All at once he was fully awake. “What do I care what they'll say? I'm telling you I don't feel well, and I'm not going to selichot!”

Rosa went back to her bed. Dio santo, what's happening to my husband? First he doesn't go to the synagogue on Shabbat, now he's not going to selichot. In the end he won't fast on Yom Kippur, God forbid. Nothing is as it once was. This week when she'd asked Gabriel for money to buy meat from the butcher's, he'd told her from now on no more meat, just chicken. Buy meat only for holidays and special events. For months now she had feared the day when Gabriel would tell her that there was no money, and now that day had come. She could feel the memories of the time she was poverty-stricken returning with force, her nightmares threatening to blacken her life. She would often wake up in the night from one recurring dream. In it she was a little girl poking in dumpsters, looking for food, and then the little girl would morph into the old woman she was today, continuing to scavenge in the garbage. She would wake up in a panic and pray, Dio santo, don't take me back there. Don't take me back to where I came from.

One night she woke up from a nightmare and with a heavy heart got out of bed and went into her daughters' room. All three were sleeping soundly. On the cabinet beside Luna's bed she noticed perfume in a crystal bowl. The sight of it made her blood boil. Times are so hard and yet Luna carries on with her luxuries, buys perfume, clothes, shoes. She doesn't even think of putting something aside for the family. All the money she earns at Zacks & Son goes into her own pocket. Once we didn't need it, but now with the situation so bad? What, hasn't the brat got eyes in her head? Can't she see that things aren't what they used to be? She decided she'd swallow her pride and speak to Luna.

The next day she went into the girls' room as Luna was studying herself in the mirror, apparently pleased with her reflection. She was wearing a black suit that set off her hips, silk stockings that accentuated her lovely legs, and the latest fashion in shoes.

“Where are you going?” Rosa asked.

Luna was surprised.

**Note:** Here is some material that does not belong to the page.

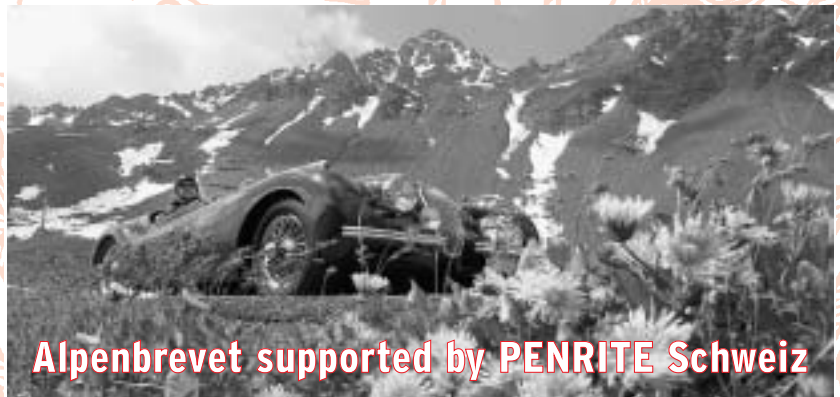
Alpenbrevet supported by PENRITE Schweiz

durchgeführt. Einerseits wird die Palette nach oben und unten abgerundet, andererseits werden die Verpackungen benutzerfreundlicher gestaltet. In der Schweiz werden dagegen keine grossen Änderungen geplant, denn es besteht kein Grund dazu. Beim pro Kopf Verbrauch von Penrite Öl in Europa liegt nämlich die Schweiz mit Abstand an der Spitze! Dies ist auch kaum überraschend, schätzt der Schweizer doch in der Regel gute Qualität und ist nach positiver Erfahrung ein sehr treuer Kunde. Dieser Erfolg ist aber nicht nur dem Produkt, sondern auch der hervorragenden Aufklärungsarbeit der Penrite Stützpunkte zu verdanken. Am Ende ist unser Erfolg aber jedem einzelnen Oldtimerfahrer zu danken, der Penrite anwendet und weiterempfiehlt. Für ganz «angefressene» haben sich die zwei Klassikrally Enthusiasten Balthasar Bessenich und Georg Dönni eine ganz besonders harte Prüfung für die Vollmondnacht vom 13. Juli 2003 ausgedacht: Bis zum Morgengrauen so viele Alpenpässe wie möglich zu überqueren. Mehr unter «Alpenbrevet». Happy motoring und viele gut geschmierte Stunden mit Ihrem Klassiker wünscht Ihnen Ihr Penrite Schweiz Team.

Since when had her mother taken an interest in where she was going?

“To meet David,” she replied somewhat apathetically.

“Let him come here. You're not going out.”

“What do you mean, not going out? Since when have you told me what to do?”

“I'm your mother and maybe it's time I did.”

“Don't you think it's a bit late for that? I'm going to be married any minute.”

“So long as you're not married you'll listen to what I have to say to you.”

“And what do you have to say to me, Mother querida?” she asked, drawing the words out mockingly.

With all her might Rosa restrained herself and replied, “Only this week there was shooting in Talpiot and Givat Shaul. It's dangerous to go out at a time like this.”

“David will look after me,” Luna said, attempting to put an end to the conversation.

“You're not going anywhere,” Rosa said and stood in the doorway.

“Oh yes I am!” Luna insisted, trying to push her mother aside.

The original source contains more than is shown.